> [What you have to do]:
Using the listing below, give again exactly the lines from the line with "Am späten Nachmittag" to the line with "Boldly patterned York", inclusive, without the pictures.

> [Excerpted records]:
----------------------------------------

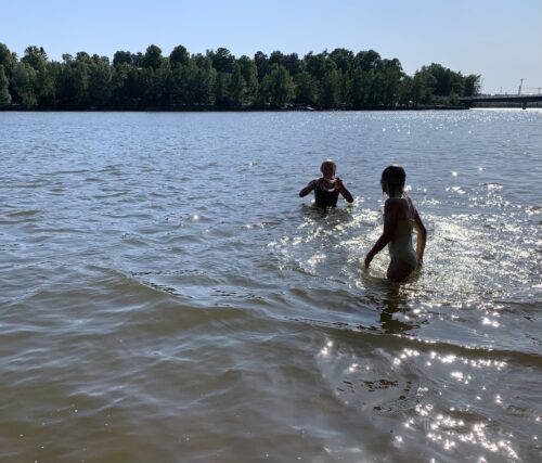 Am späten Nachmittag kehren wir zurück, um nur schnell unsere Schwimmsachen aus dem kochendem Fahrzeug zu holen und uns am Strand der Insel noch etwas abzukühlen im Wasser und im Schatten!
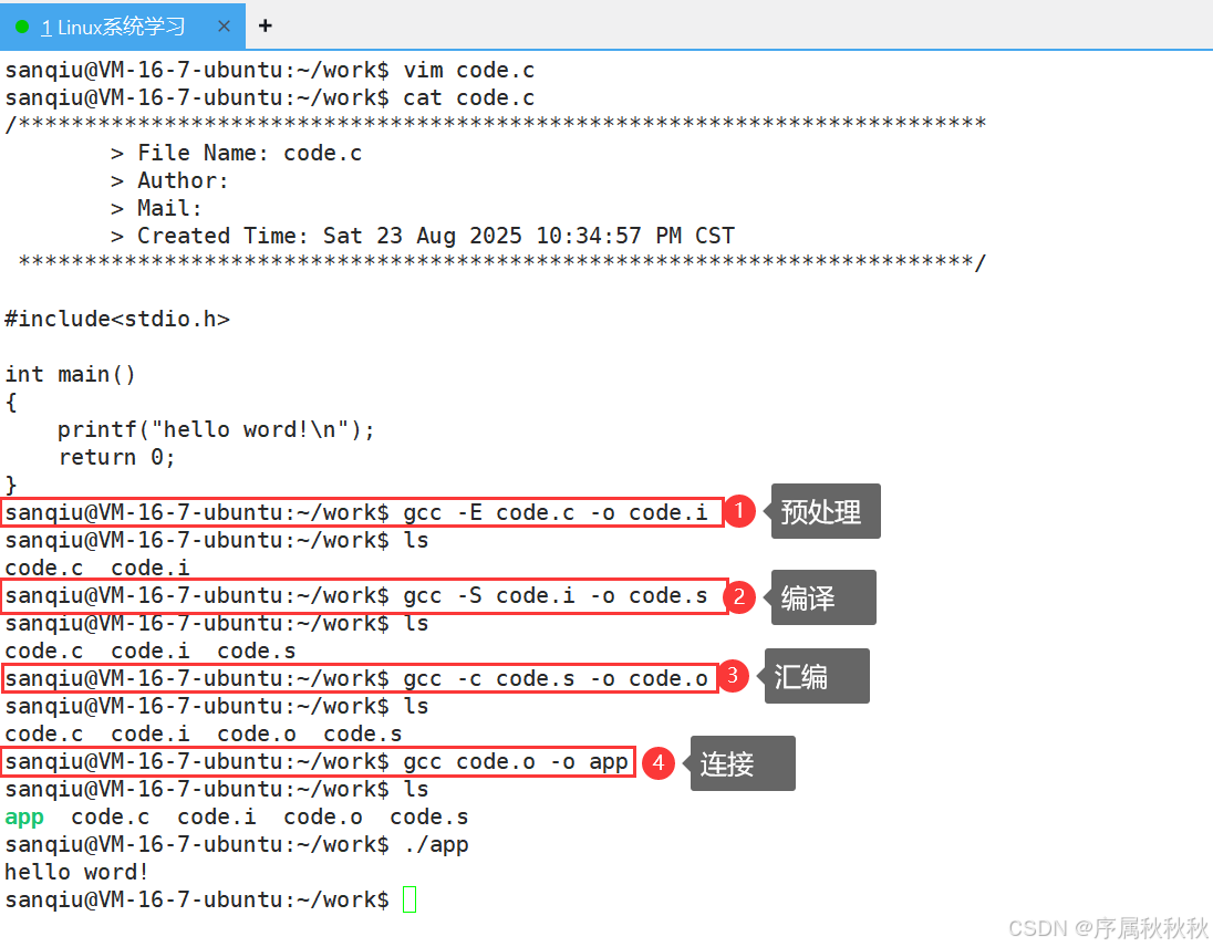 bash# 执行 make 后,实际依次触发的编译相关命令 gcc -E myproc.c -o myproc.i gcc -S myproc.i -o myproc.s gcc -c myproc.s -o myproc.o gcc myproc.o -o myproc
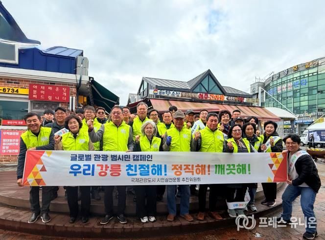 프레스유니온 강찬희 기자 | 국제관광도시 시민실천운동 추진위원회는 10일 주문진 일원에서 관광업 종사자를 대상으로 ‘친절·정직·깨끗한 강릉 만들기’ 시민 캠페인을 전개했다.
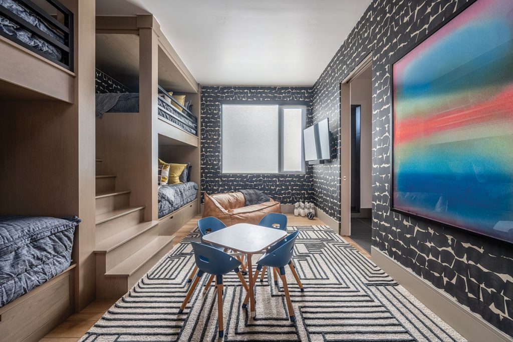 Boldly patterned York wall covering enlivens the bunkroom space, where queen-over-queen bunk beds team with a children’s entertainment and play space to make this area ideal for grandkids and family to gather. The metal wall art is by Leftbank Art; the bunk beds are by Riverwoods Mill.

----------------------------------------

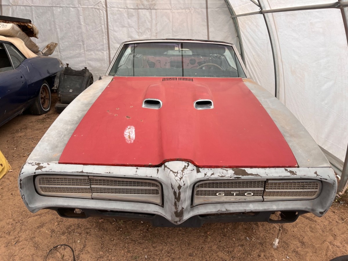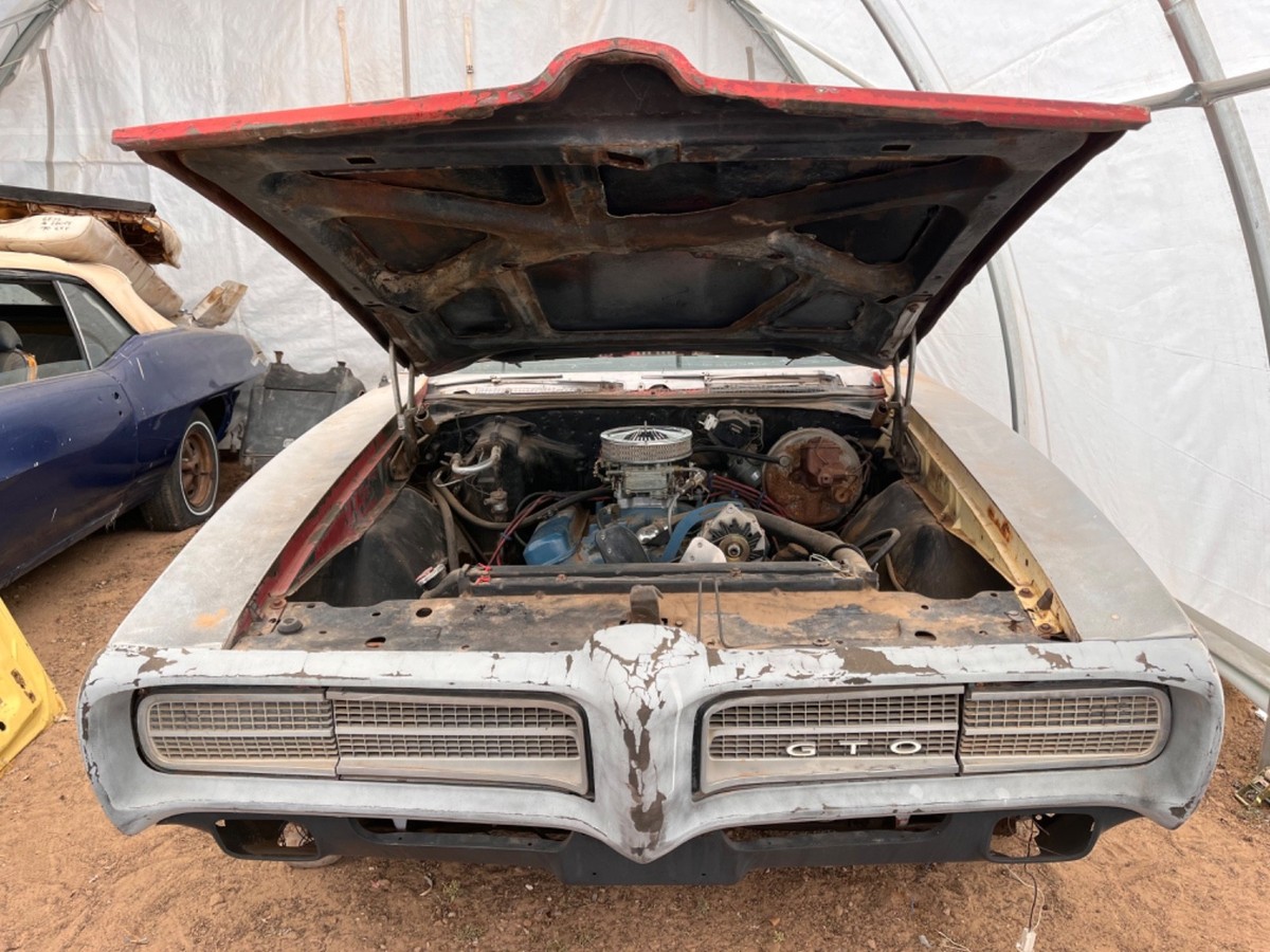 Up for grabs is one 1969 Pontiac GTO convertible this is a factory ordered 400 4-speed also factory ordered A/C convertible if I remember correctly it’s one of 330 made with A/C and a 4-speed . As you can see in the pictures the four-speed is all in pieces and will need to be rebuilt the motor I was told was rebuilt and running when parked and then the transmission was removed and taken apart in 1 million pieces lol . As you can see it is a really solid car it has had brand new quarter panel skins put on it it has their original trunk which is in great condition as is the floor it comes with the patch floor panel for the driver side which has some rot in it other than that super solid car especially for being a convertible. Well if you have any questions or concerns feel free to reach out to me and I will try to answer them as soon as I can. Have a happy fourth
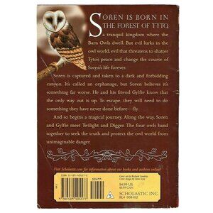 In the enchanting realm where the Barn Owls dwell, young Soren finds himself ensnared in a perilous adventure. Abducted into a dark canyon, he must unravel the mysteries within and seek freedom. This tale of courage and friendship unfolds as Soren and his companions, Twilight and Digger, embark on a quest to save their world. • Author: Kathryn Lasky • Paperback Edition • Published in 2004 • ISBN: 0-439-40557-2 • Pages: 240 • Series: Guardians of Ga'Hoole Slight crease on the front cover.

----------------------------------------

> [Your response]:
 Am späten Nachmittag kehren wir zurück, um nur schnell unsere Schwimmsachen aus dem kochendem Fahrzeug zu holen und uns am Strand der Insel noch etwas abzukühlen im Wasser und im Schatten!
 bash# 执行 make 后,实际依次触发的编译相关命令 gcc -E myproc.c -o myproc.i gcc -S myproc.i -o myproc.s gcc -c myproc.s -o myproc.o gcc myproc.o -o myproc
 프레스유니온 강찬희 기자 | 국제관광도시 시민실천운동 추진위원회는 10일 주문진 일원에서 관광업 종사자를 대상으로 ‘친절·정직·깨끗한 강릉 만들기’ 시민 캠페인을 전개했다.
 Boldly patterned York wall covering enlivens the bunkroom space, where queen-over-queen bunk beds team with a children’s entertainment and play space to make this area ideal for grandkids and family to gather. The metal wall art is by Leftbank Art; the bunk beds are by Riverwoods Mill.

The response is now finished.